Does anyone know if there's a bare metal version of the USB code kcuzner created for the Teensy 3.2?
This is his code, right? Looks about as bare metal as you can get.
https://github.com/kcuzner/teensy-oscilloscope/blob/master/scope-teensy/src/usb.c
I've been looking at the Paul's core code and it's too complex to figure out what I need as a bare minimum (still looking at it).
The basic idea is the USB hardware responds to the tokens from the USB host by read/writing your buffers. You have give to the hardware your buffers in advance, via the BDT table. Then it gives you interrupts to tell you when it's used the buffers, and you have to give the hardware more buffers, and of course actually do something with ones it has finished using.
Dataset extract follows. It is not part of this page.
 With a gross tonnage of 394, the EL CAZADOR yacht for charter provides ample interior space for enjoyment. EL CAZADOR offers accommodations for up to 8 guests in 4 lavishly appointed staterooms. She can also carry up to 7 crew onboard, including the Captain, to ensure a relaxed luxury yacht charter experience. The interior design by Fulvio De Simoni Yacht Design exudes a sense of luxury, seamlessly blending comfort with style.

If you're used to thinking of code as a reactionary model, where the hardware gives you an interrupt and then your code does the work of moving data, perhaps this model of setting up buffers in advance can seem complex. But this is the way modern high performance DMA-based peripherals work.
Perhaps a bare minimum would use just two buffers per endpoint. Or maybe even just 1 buffer. The BDT is set up for ping-pong with 2 pointers, so 2 buffers might be simpler than 1.
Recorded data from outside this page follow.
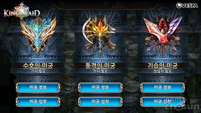 ... 또한, 지하미궁 각 층에는 전투 조건이 있으며, 해당 층의 수호자와 동일한 클래스의 영웅을 일정 수 보유해야 한다. 미궁 돌파 시에는 '기억의 조각'이라는 특별 아이템을 획득하게 되며, 이를 일정 수량 모으면 랜덤 전용 보물 소환권으로 교환 할 수 있다. 더불어 '킹스레이드'의
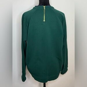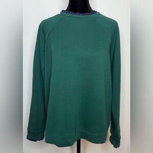 Women’s J. Crew preppy Green crewneck sweatshirt with navy blue, white polka dot ruffle trim at neckline and wrists
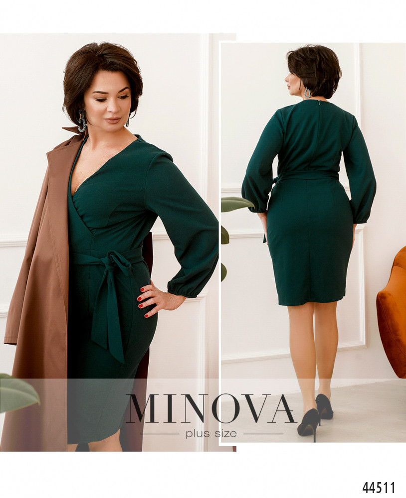 Нежное платье батал с подшитым на запАх лифом, рукава широкие, на манжетах сужены и подшиты на резинки. Застёжка - вшитая по спинке молния. На груди длинные вытачки. Спереди сбоку на подоле небольшая шлица. Карманов нет.
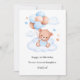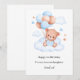 Celebrar um aniversário especial com este adorável e caprichoso cartão com um ursinho de pelúcia bonitinho flutuando entre nuvens fofinhas e segurando um buquê de balões pastéis em tons azuis, cor de pêssego e bege. O design alegre é acompanhado por detalhes lúdicos como estrelas e um pássaro encantador. Perfeito para crianças ou qualquer pessoa que ame designs doces e encantadores, este cartão é personalizado com o nome do destinatário por um toque atencioso e único.
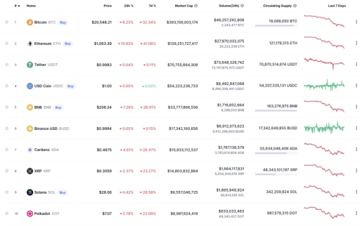 在比特币和以太坊领跌之外,除了部分稳定币,体量前十的加密币种近7日的跌幅均超过20%。加密货币市场体量缩水。据CoinMarketCap统计,截至UTC时间6月14日8时,加密货币市场总市值为9449亿美元,不足万亿美元。

But the key to good USB performance is always having a buffer ready to receive data when the host sends the OUT token, or having a buffer filled with data ready to go when the host sends the IN token. USB host controllers tend to be quite bursty in their access, where (with bulk & control) you tend to be rewarded immediately with another IN or OUT token if you were ready for the last one, and then as soon as you don't have a buffer ready the hardware replies with a NAK token. The host controller usually moves on to other devices or enters a brief idle pause, so you *really* hurt performance if you're ever not ready. The host controller also spends a chunk of each frame servicing isochronous & interrupt endpoints. If your application is generating or consuming data quickly, the key to performance involves buffering up enough during those quiet times so you can always have buffers ready to go in the BDT slots during those times of rapid IN-ACK / OUT-ACK sequences.
My USB code has quite a lot of work invested in achieving those performance goals. Maybe you'll manage something just as good with whatever "bare minimum" ends up looking like, but I'd put the odds performance will likely suffer.